Why Neural Network? The main benefit of having a deeper model is being able to do more non-linear transformations of the input and drawing a more complex decision boundary. They are harder to debug, costlier to train but they can outperform if you have enough training data. We can fit a very complex decision boundary that generalizes pretty well.

Let’s take a closer look at what is happening in one node, then we will generalize if for the rest of the nodes. We will look at the first node of the hidden layer.

Similar to logistic regression, this node represents two steps of computation. In the first step, we will compute $z_{1}^{[1]}$ which the weighted sum of input data and parameters of the node. The second step is the activation function which is the non-linear representation. There are various activation functions one can choose from and so $g(z)$ is just a way to represent any activation function.

\[z_{1}^{[1]} = {w_{11}}^{[1]} * x_1 + {w_{12}}^{[1]} * x_2 + {b_{1}}^{[1]}\] \[a_{1}^{[1]} = g^{[1]}(z_{1}^{[1]})\]

Now, let’s represent the same equation in the vectorized form. We will consider one training example here.

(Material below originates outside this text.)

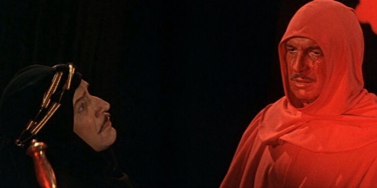 Vincent Price es el campeón indiscutible de los actores de terror y nunca deja de ser entretenido. Su rango va desde cursi hasta horroroso, pero aunque la mayoría lo conocerá por Casa en la colina encantada, es Roger Corman Máscara de la Muerte Roja que realmente usa todos sus talentos.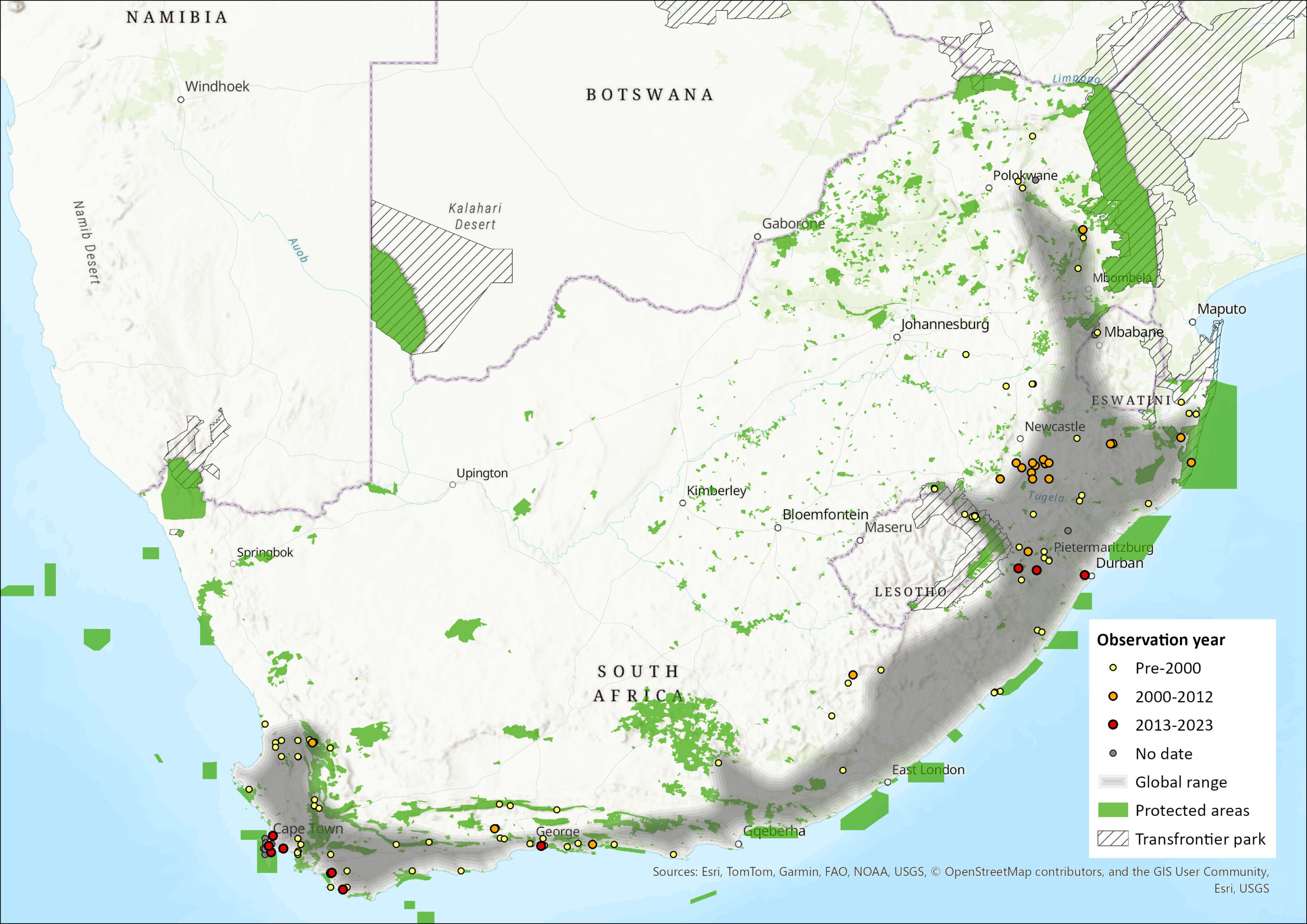 Figure 1. Distribution records for Brant’s Climbing Mouse (Dendromus mesomelas) within the assessment region (South Africa, Eswatini and Lesotho). Note that distribution data is obtained from multiple sources and records have not all been individually verified.

\[\begin{equation} \begin{bmatrix} z_{1}^{[1]} \end{bmatrix}_{1 \times 1}= \begin{bmatrix} x_1 & x_2 \end{bmatrix}_{1 \times 2} % \begin{bmatrix} {w_{11}}^{[1]} \\ {w_{12}}^{[1]} \end{bmatrix}_{2 \times 1} + \begin{bmatrix} {b_{1}}^{[1]} \end{bmatrix}_{1 \times 1} \\\tag{1.1} \end{equation}\] \[\begin{equation} \begin{bmatrix} {a_{1}}^{[1]} \end{bmatrix}_{1 \times 1}= \begin{bmatrix} g^{[1]}({z_{1}}^{[1]}) \end{bmatrix}_{1 \times 1} \end{equation}\]

The above calculation is only for node 1 of the hidden layer(layer-1). For the rest of the nodes, we have to do a similar calculation. We can also do it all together in a vectorized form by stacking all the nodes together, which we will see in a bit. Let’s consider one single record of data for the time being. Similar to node 1, we can write node 2 and node 3 equations in the similar manner.

\[\begin{equation} \begin{bmatrix} z_{2}^{[1]} \end{bmatrix}_{1 \times 1}= \begin{bmatrix} x_1 & x_2 \end{bmatrix}_{1 \times 2} % \begin{bmatrix} {w_{21}}^{[1]} \\ {w_{22}}^{[1]} \end{bmatrix}_{2 \times 1} + \begin{bmatrix} {b_{2}}^{[1]} \end{bmatrix}_{1 \times 1} \tag{1.2} \end{equation}\] \[\begin{equation} \begin{bmatrix} {a_{2}}^{[1]} \end{bmatrix}_{1 \times 1}= \begin{bmatrix} g^{[1]}({z_{2}}^{[1]}) \end{bmatrix}_{1 \times 1} \end{equation}\] \[\begin{equation} \begin{bmatrix} z_{3}^{[1]} \end{bmatrix}_{1 \times 1}= \begin{bmatrix} x_1 & x_2 \end{bmatrix}_{1 \times 2} % \begin{bmatrix} {w_{31}}^{[1]} \\ {w_{32}}^{[1]} \end{bmatrix}_{2 \times 1} + \begin{bmatrix} {b_{3}}^{[1]} \end{bmatrix}_{1 \times 1} \tag{1.3} \end{equation}\] \[\begin{equation} \begin{bmatrix} {a_{3}}^{[1]} \end{bmatrix}_{1 \times 1}= \begin{bmatrix} g^{[1]}({z_{3}}^{[1]}) \end{bmatrix}_{1 \times 1} \end{equation}\]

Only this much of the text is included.